> Task goal
Reproduce the whole listing exactly, omitting any picture it holds.

> Data shown
◇ ◇ ◇

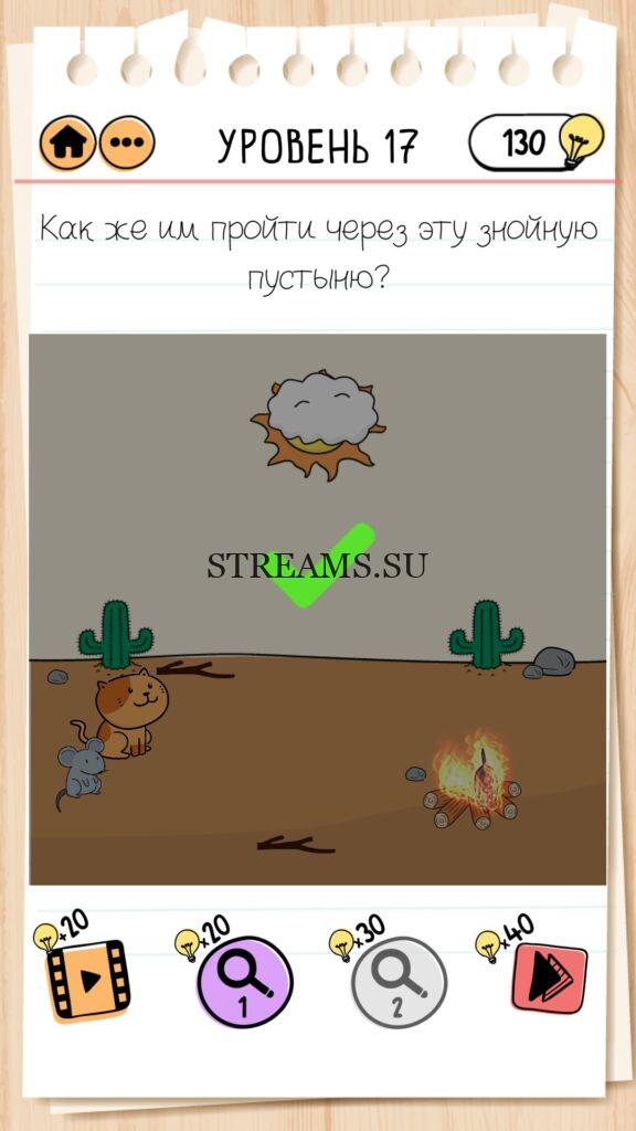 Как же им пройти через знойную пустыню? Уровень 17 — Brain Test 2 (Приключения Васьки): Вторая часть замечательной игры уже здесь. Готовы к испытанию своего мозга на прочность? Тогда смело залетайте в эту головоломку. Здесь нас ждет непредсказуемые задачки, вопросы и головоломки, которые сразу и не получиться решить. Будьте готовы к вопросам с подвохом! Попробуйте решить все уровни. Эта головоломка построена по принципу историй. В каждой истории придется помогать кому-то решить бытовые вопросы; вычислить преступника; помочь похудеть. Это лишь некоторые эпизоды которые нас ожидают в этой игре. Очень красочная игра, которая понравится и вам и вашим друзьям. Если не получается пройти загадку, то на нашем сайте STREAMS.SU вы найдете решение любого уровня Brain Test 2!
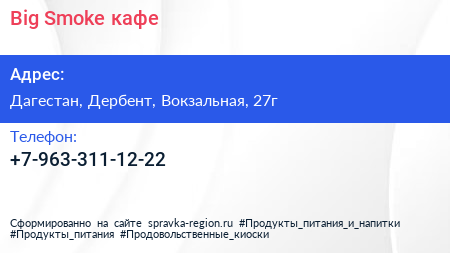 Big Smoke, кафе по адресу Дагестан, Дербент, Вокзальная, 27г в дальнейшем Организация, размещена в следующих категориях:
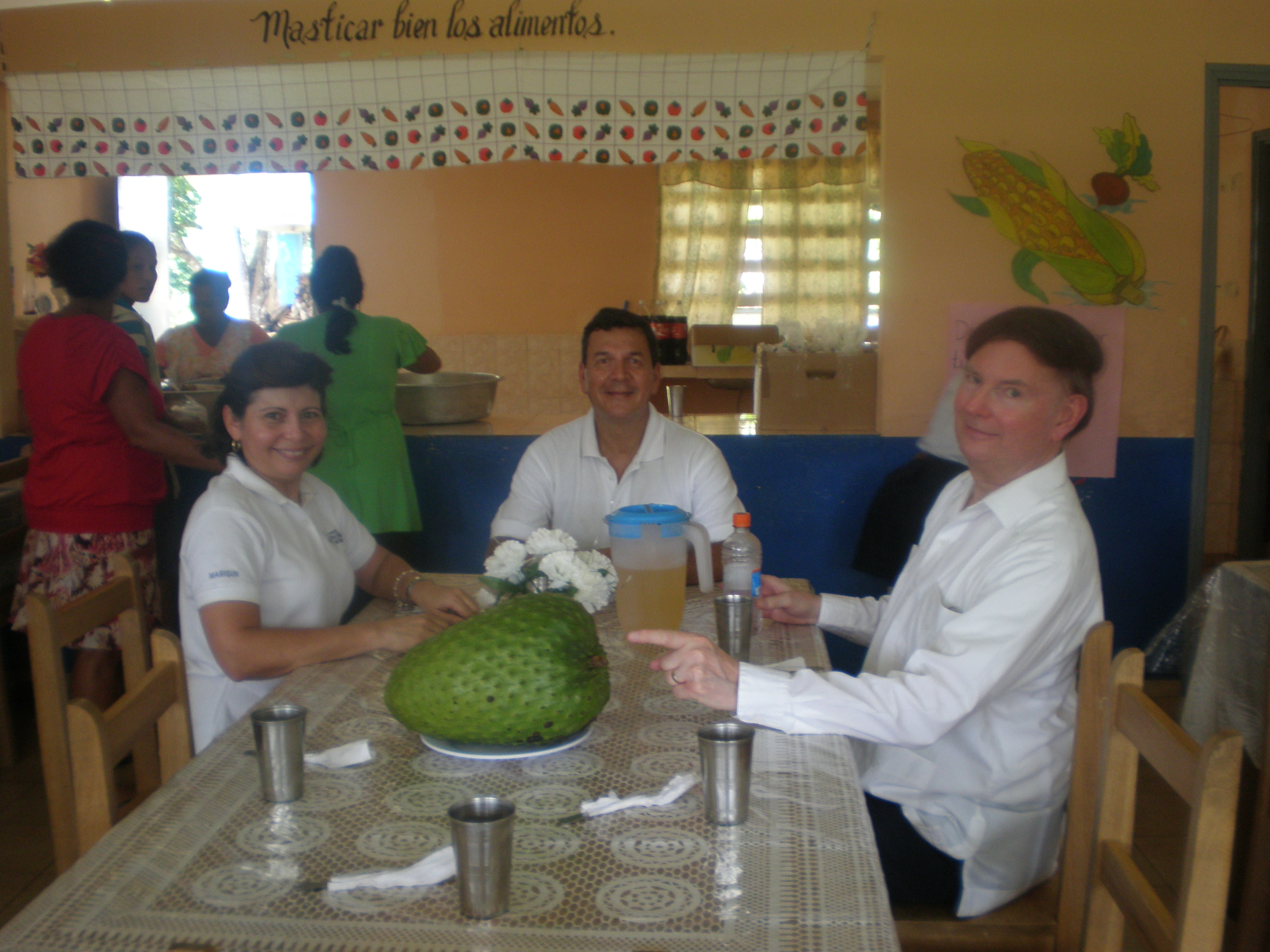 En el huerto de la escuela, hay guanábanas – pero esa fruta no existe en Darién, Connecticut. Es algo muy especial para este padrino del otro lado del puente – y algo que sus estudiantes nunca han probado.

◇ ◇ ◇

> Solution
 Как же им пройти через знойную пустыню? Уровень 17 — Brain Test 2 (Приключения Васьки): Вторая часть замечательной игры уже здесь. Готовы к испытанию своего мозга на прочность? Тогда смело залетайте в эту головоломку. Здесь нас ждет непредсказуемые задачки, вопросы и головоломки, которые сразу и не получиться решить. Будьте готовы к вопросам с подвохом! Попробуйте решить все уровни. Эта головоломка построена по принципу историй. В каждой истории придется помогать кому-то решить бытовые вопросы; вычислить преступника; помочь похудеть. Это лишь некоторые эпизоды которые нас ожидают в этой игре. Очень красочная игра, которая понравится и вам и вашим друзьям. Если не получается пройти загадку, то на нашем сайте STREAMS.SU вы найдете решение любого уровня Brain Test 2!
 Big Smoke, кафе по адресу Дагестан, Дербент, Вокзальная, 27г в дальнейшем Организация, размещена в следующих категориях:
 En el huerto de la escuela, hay guanábanas – pero esa fruta no existe en Darién, Connecticut. Es algo muy especial para este padrino del otro lado del puente – y algo que sus estudiantes nunca han probado.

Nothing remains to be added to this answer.